To say Tavares and Brunson are “gatekeepers” in the middleweight division is not a tag steeped in disrespect but rather acknowledgement of their long-sustained quality in the Octagon. In Brunson’s case, the 36-year-old’s only UFC losses came against title-winners or challengers.
Essentially, taking out Tavares and Brunson in successive fights is a little like the concept of unlocking chakras in Avatar: The Last Airbender. With each win, Shahbazyan climbs closer to the ultimate goal of a UFC belt, currently held by Israel Adesanya – also known as “The Last Stylebender.”
Cartoons aside, Shahbazyan is quick to note that while he does think of what his path upward looks like, he isn’t ignorant to the task in front of him.
“It seems like he’s changed up his style a little more,” Shahbazyan said. “I’m ready for both styles, whether he’s going to come out a little (wilder) or whether he’s going to be defensive or something like that.”

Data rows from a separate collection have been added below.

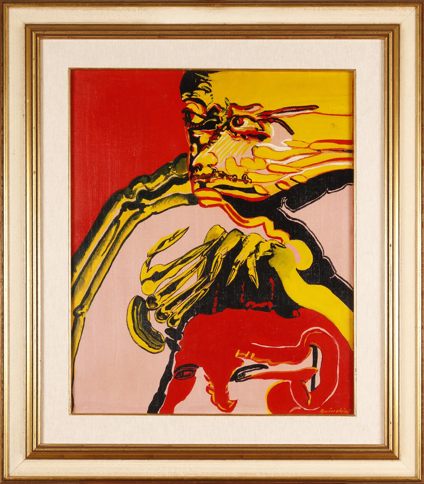 BRINDISI REMO (1918 - 1996) Senza titolo. 1975. Olio su tela . Cm 50,00 x 60,00. Firma in basso a destra. Al retro retro firma, anno e dedica ad Ignazio Vena. Provenienza: Collezione Vena, Cosenza. Presenti difetti. Cornice presente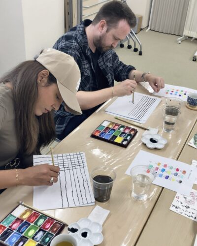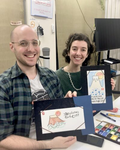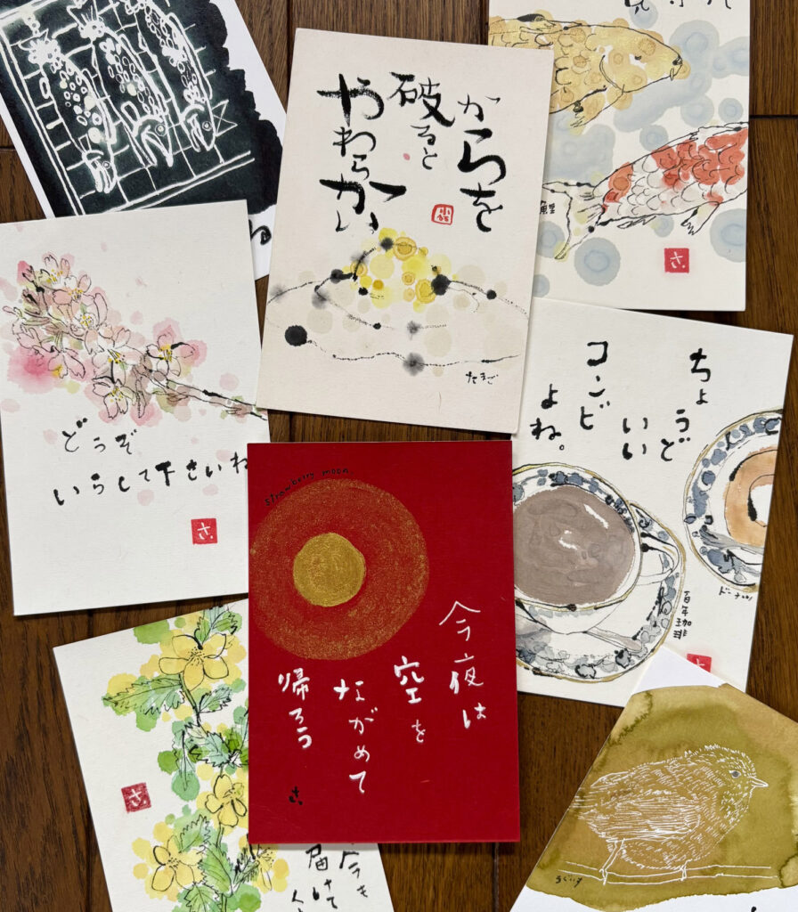 In this hands-on workshop, you’ll create your own postcard artwork using Japanese sumi ink(墨),watercolors(顔彩), and washi paper. No painting experience is needed! The charm of Etegami lies not in perfect technique, but in its warmth, sincerity, and personal touch.
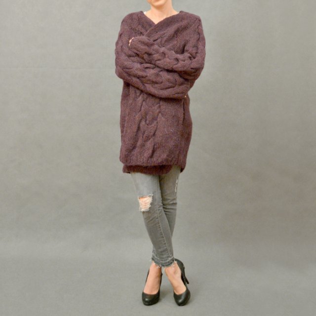 Świetny sweter. Grubasek, że ho ho...A jaki ciepły, spokojnie zastąpi niejeden płaszcz. W grube warkocze, z kieszeniami po bokach. Nie zapinany. Włochaty, gryzak ale wiadomo, że na skórę się go nie nosi.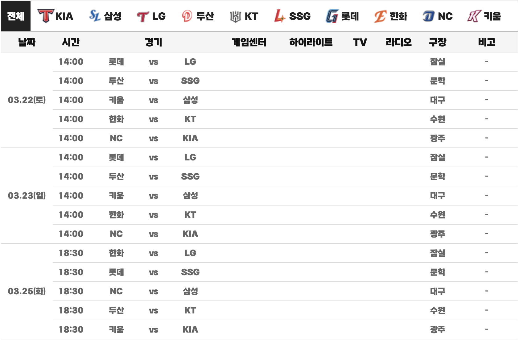 ▶ LG, KIA, 두산 등 강팀들의 개막전 결과 주목!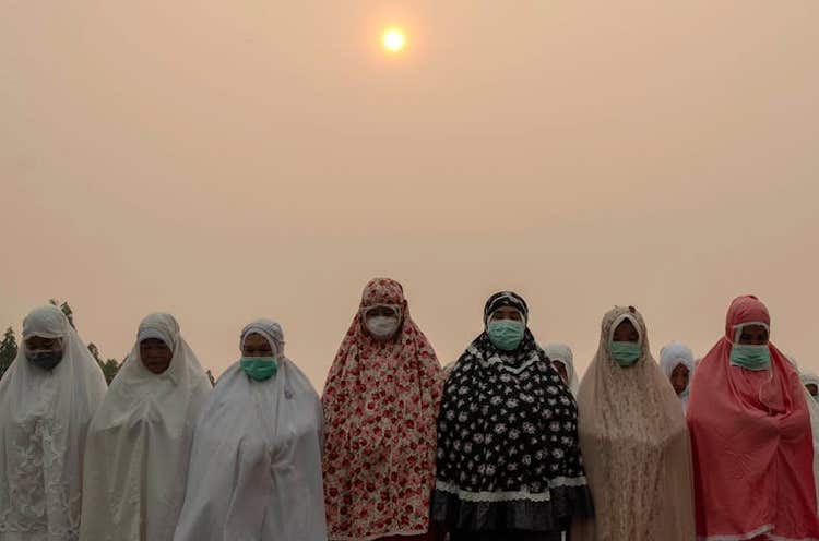 Indonesian women wear protective masks as they perform a mass prayer for rain to combat the smoke haze and drought season in Indonesia. AFRIANTO SILALAHI

Fighter Trailer: Edmen Shahbazyan
Fighter Trailer: Edmen Shahbazyan
That stylistic change is something that earned Brunson his most recent back-to-back decision wins over Elias Theodorou and Ian Heinisch, a shift borne from nearly eight years spent on the UFC roster. Moreover, this main event bout – although only three rounds – is Brunson’s third. The former Division II All-America wrestler is 2-1 in those contests, with each of the bouts ending inside the first round.
The upgrade to the headlining slot is an unexpected increase in pressure, but as Shahbazyan continues to note, the higher the expectations, the better his performance.
“I think it’s going to be awesome,” Shahbazyan said. “When I was a kid, I would always picture myself in the main event spot walking out with the longer music and stuff like that. It’s cool to actually get to do it this time. At a young age, too. I’m 22 years old and been dreaming about that 10 years ago. Getting to do it now, it’s just going to be amazing and definitely something I’m looking forward to, but most important for me is going out and fighting and getting that victory.”
Spectacle aside, August 1 provides another crucial look at arguably the most exciting UFC fighter under 25 years old. If Shahbazyan improves to 12-0, he’s right in the mix with the best at 185 pounds. If he does so in the same fashion that he has made a habit, the mixed martial arts community might find themselves stripping away any disclaimers — Shahbazyan might just be The Big Thing.
“It’s so inspiring and motivational,” Shahbazyan said. “I’m pumped. I’m really happy, and I just want to put on a good show for everybody. I’m ready to go. This is what it’s all about.”